Historic church in Massachusetts, United States

Unitarian Memorial Church is a historic church on 102 Green Street in Fairhaven, Massachusetts, home to the Unitarian Universalist Society of Fairhaven.

The congregation was founded in 1819, moved into the Washington Street Christian Meetinghouse in 1832, and called its first minister in 1840. The Reverend María Uitti McCabe is its currently serving minister, and the Society President is Keith Murphy. UUSF is a member congregation of the Boston-based Unitarian Universalist Association, and a designated GLBTQA Welcoming Congregation, a UUA Honor Congregation, and a part of the Green Sanctuary movement. Services are held in the neo-Gothic sanctuary at 10:00 a.m. from September through mid-June each year. The church was added to the National Register of Historic Places in 1996.

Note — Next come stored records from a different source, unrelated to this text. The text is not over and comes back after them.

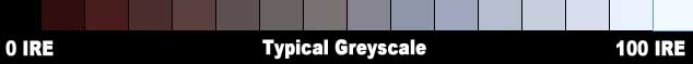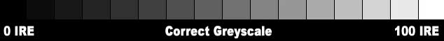 灰階校正是等化在不同亮度下,從非常黑(0 IRE)到非常白 (100 IRE)的灰色到標準的色溫 6500度Kelvin或6500K。 6500K色溫是純正的訊號,它沒有包含任何顏色資訊。它是純黑或是純白或是兩者之間的灰色。6500K通常被指定為白天的陽光色溫,因為它是在北美正午時的色溫。假設你的電腦顯示器的灰階顯示相當準確,一個完美的灰階看起來應該像這樣:
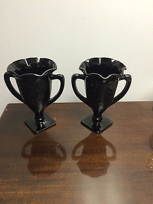 Title (ebay affiliate link): LE Smith Pair of Black Amethyst Dancing Nymphs Trophy Vases with Handle
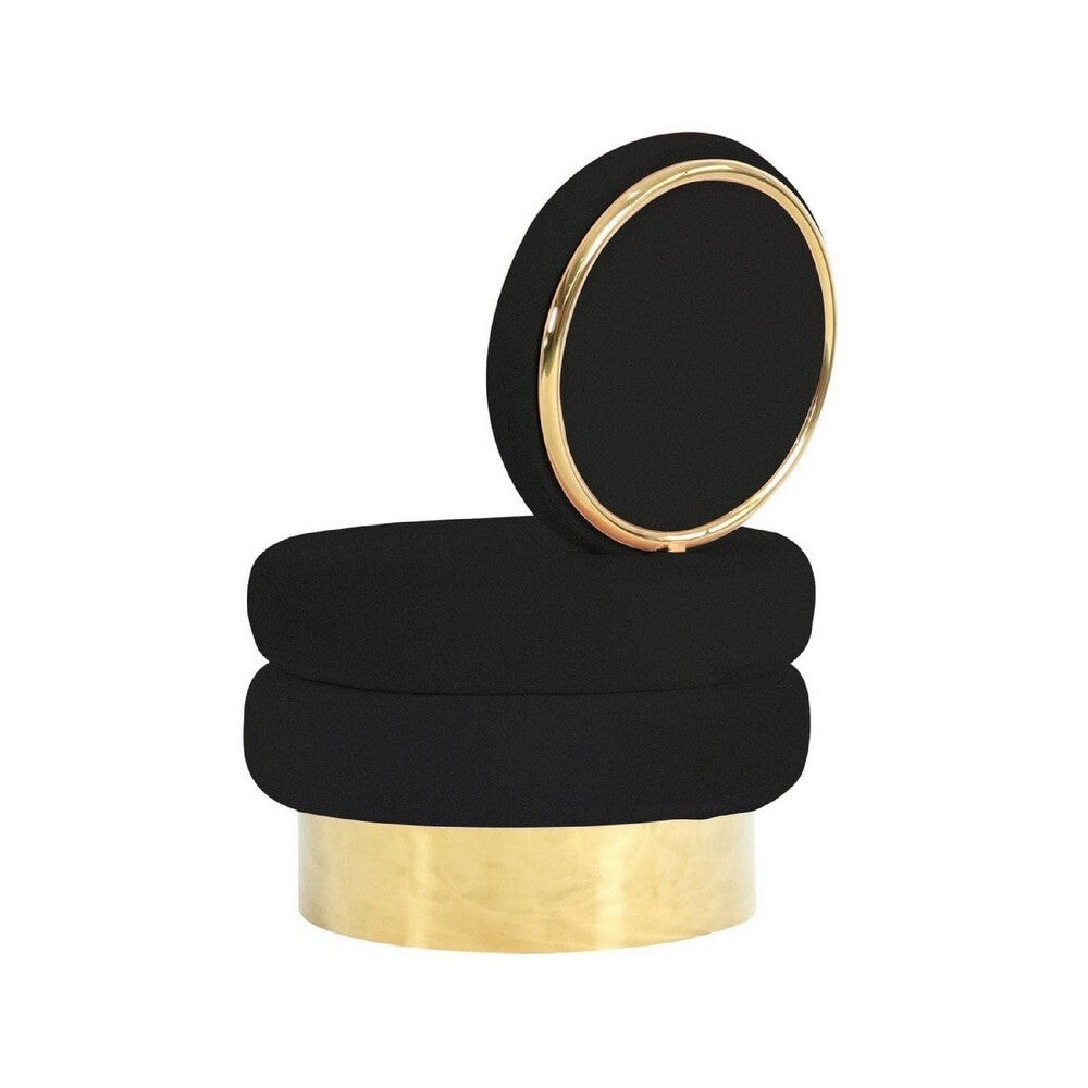 Cid 26 Inch Modern Swivel Accent Chair, Black Velvet, Round Gold Metal Base

The Unitarian Memorial Church in Fairhaven was built, financed and donated to the Unitarians in 1904 by Henry H. Rogers in memory of his mother. The church was designed by Boston architect Charles Brigham in a Gothic Revival style. It is 114 ft in height, 100 ft long in body and 53 ft wide. The nave is 32 ft wide and 71 ft long. The main aisle is 62 ft long and 6 ft wide. The church, parish house and former parsonage (now Harrop Center) of the Unitarian Society are so placed as to form three sides of a quadrangle. There is a tower over 165 ft high, with eleven bells.

== Organ ==
The organ was built by the Hutchings-Votey Organ Company of Boston, Massachusetts in 1904. With 2,300 pipes (24 ranks) distributed over 3 manuals and pedalboard, it was considered one of the finest organs in the country at the time. When the new hot-air heating system installed in 1968 ruined the Hutchings-Votey pneumatic mechanism, a new organ was built by the Roche Organ Co., of Taunton, Massachusetts, in 1971 as their Opus 10. The Roche Organ Company preserved the exterior casework and the twelve best ranks from the previous organ, increasing the number of ranks to 58, with 3,163 pipes and fifty speaking registers.

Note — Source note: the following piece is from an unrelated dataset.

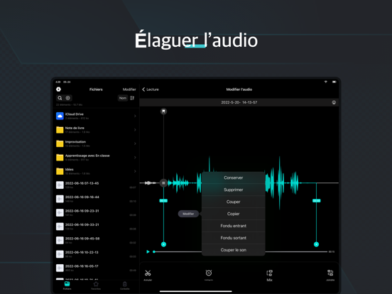 Dictaphone est votre solution définitive pour un enregistreur vocal avec un son de qualité, qui enregistre facilement les entretiens, les discours, les lectures, les réunions, les inspirations, tout en offrant des fonctionnalités de lecture et d'édition comme raccourcir, copier/couper/coller, fractionner, raccorder, insérer et combiner.
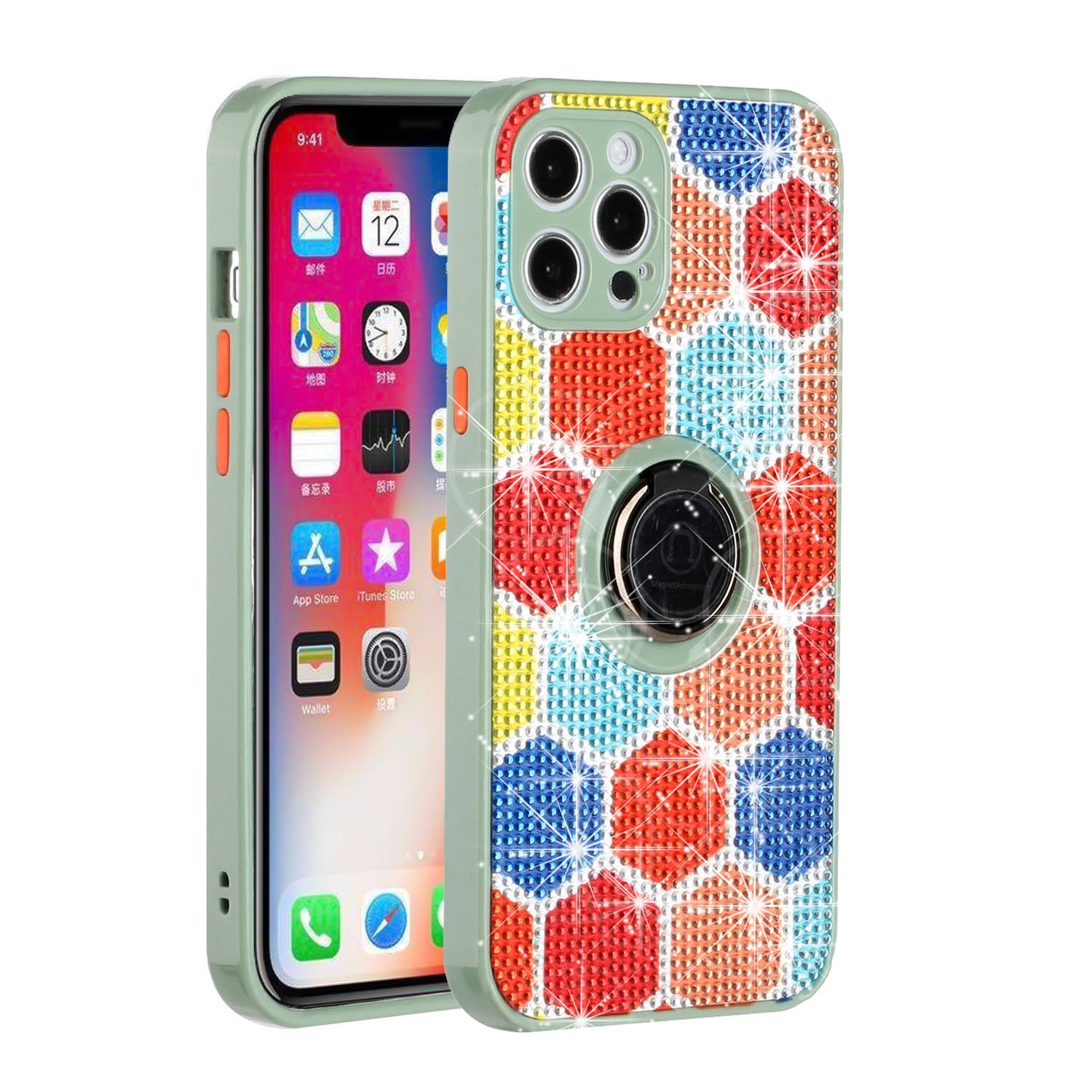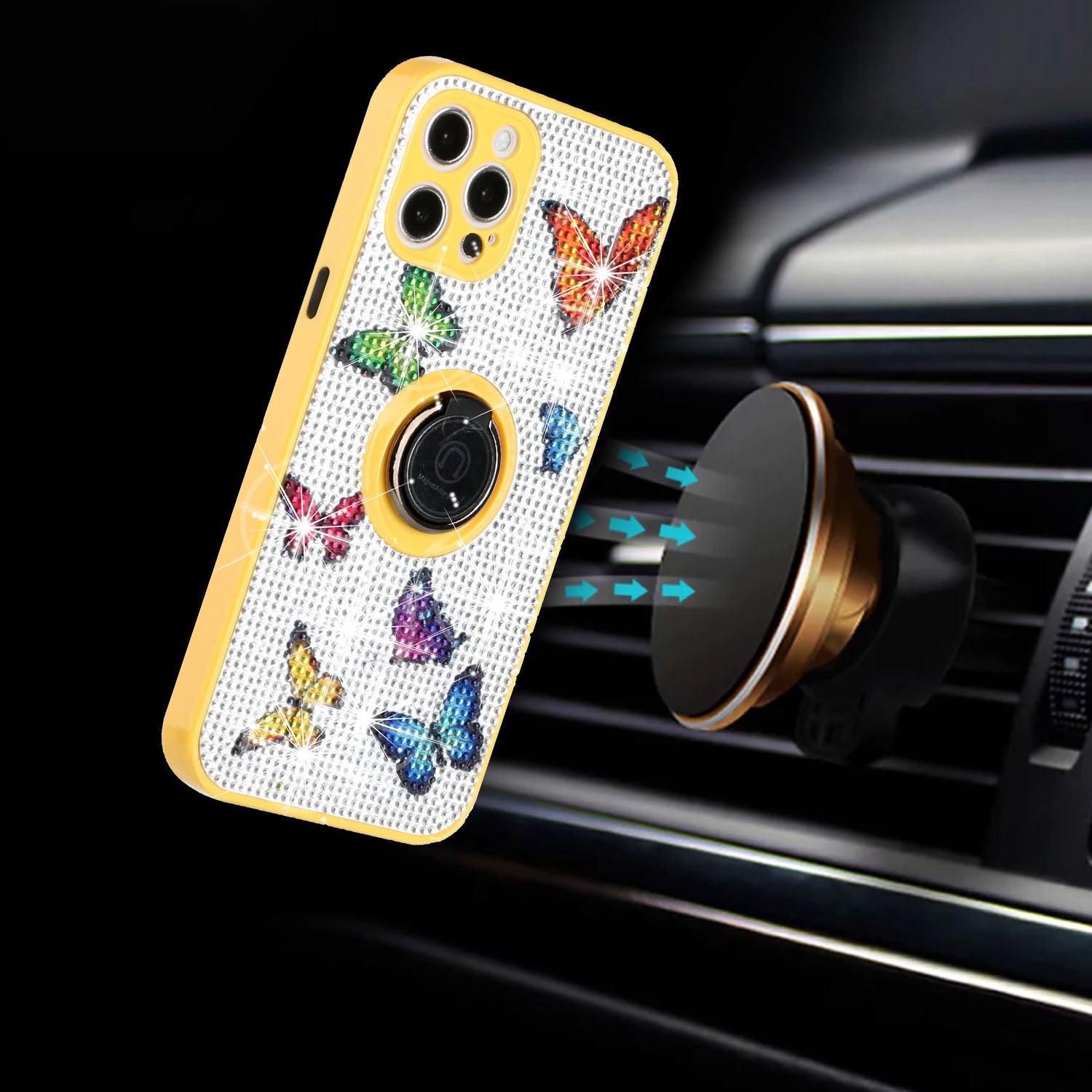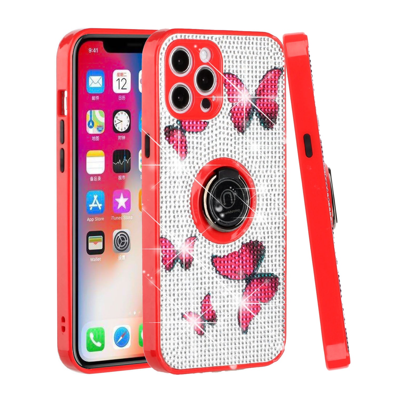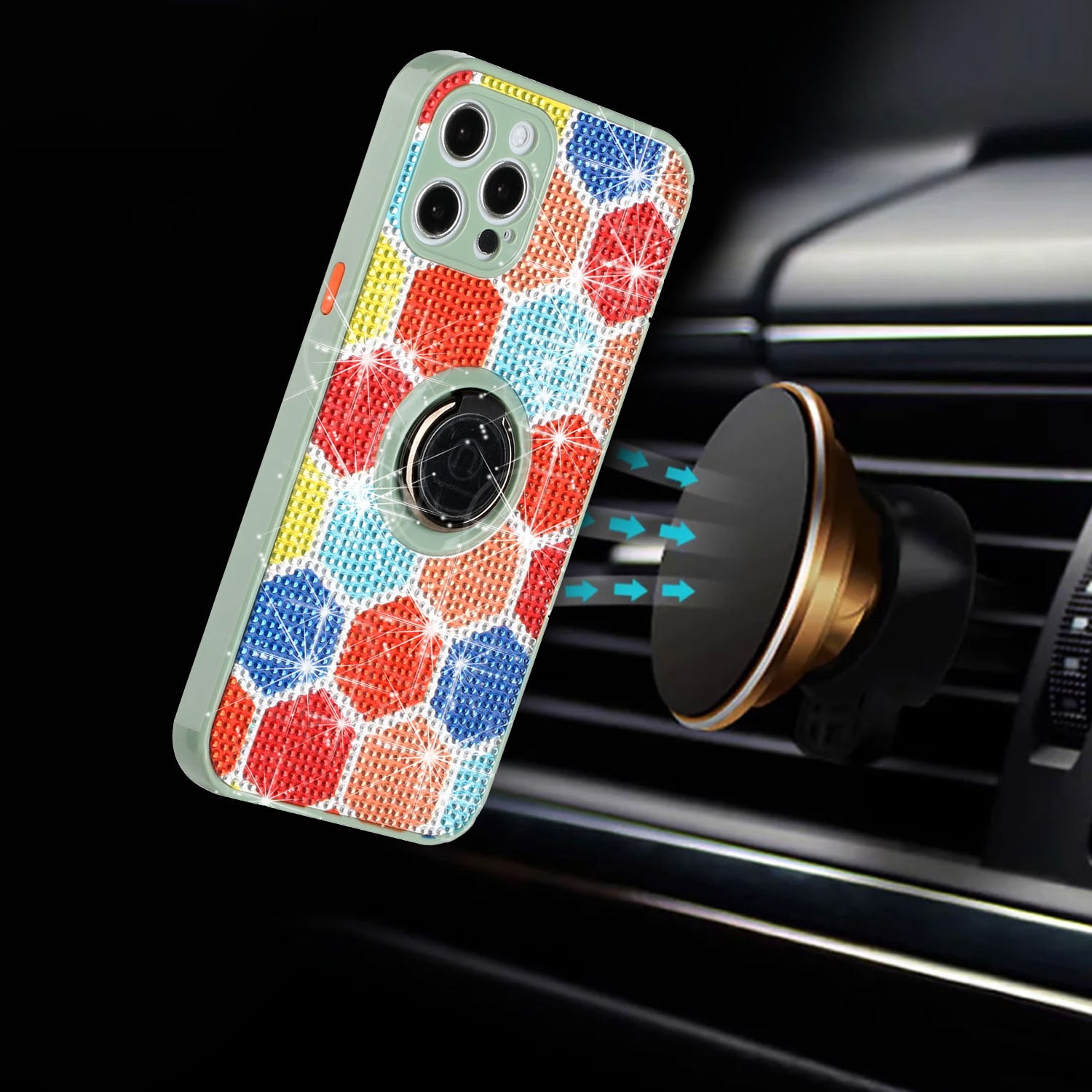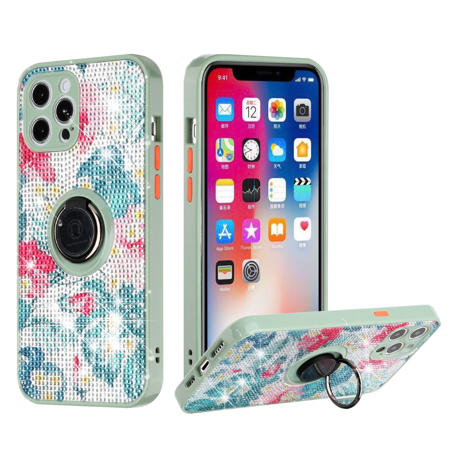 For iPhone 12 Pro Max 6.7 Crystal Diamond Bling Magnetic Ring Stand Case Cover

The organ occupies the transepts on either side of the chancel and is housed behind the richly carved twin cases of the original instrument, which differ from each other in detail of ornamentation. The console is centrally located in the choir loft behind the pulpit rostrum. The woodwork of the cases, like the rest of the church furnishings, is of English oak. The facade pipes are covered in gold leaf and embellished with elaborate diapering. The basic case design bears a strong resemblance to that of the 1896 organ case in Southwark Cathedral in England (which probably inspired the Fairhaven design), although the Southwark case is not nearly as attractive nor as elaborate.

A digital upgrade of the console was accomplished by Barry Turley in 2008. Today, the organ remains among the finest of its size. All of the ornamental pipes in the two organ cases, one on each side of the chancel, are covered in beaten gold, the color of clouded silver, and are decorated very ornately.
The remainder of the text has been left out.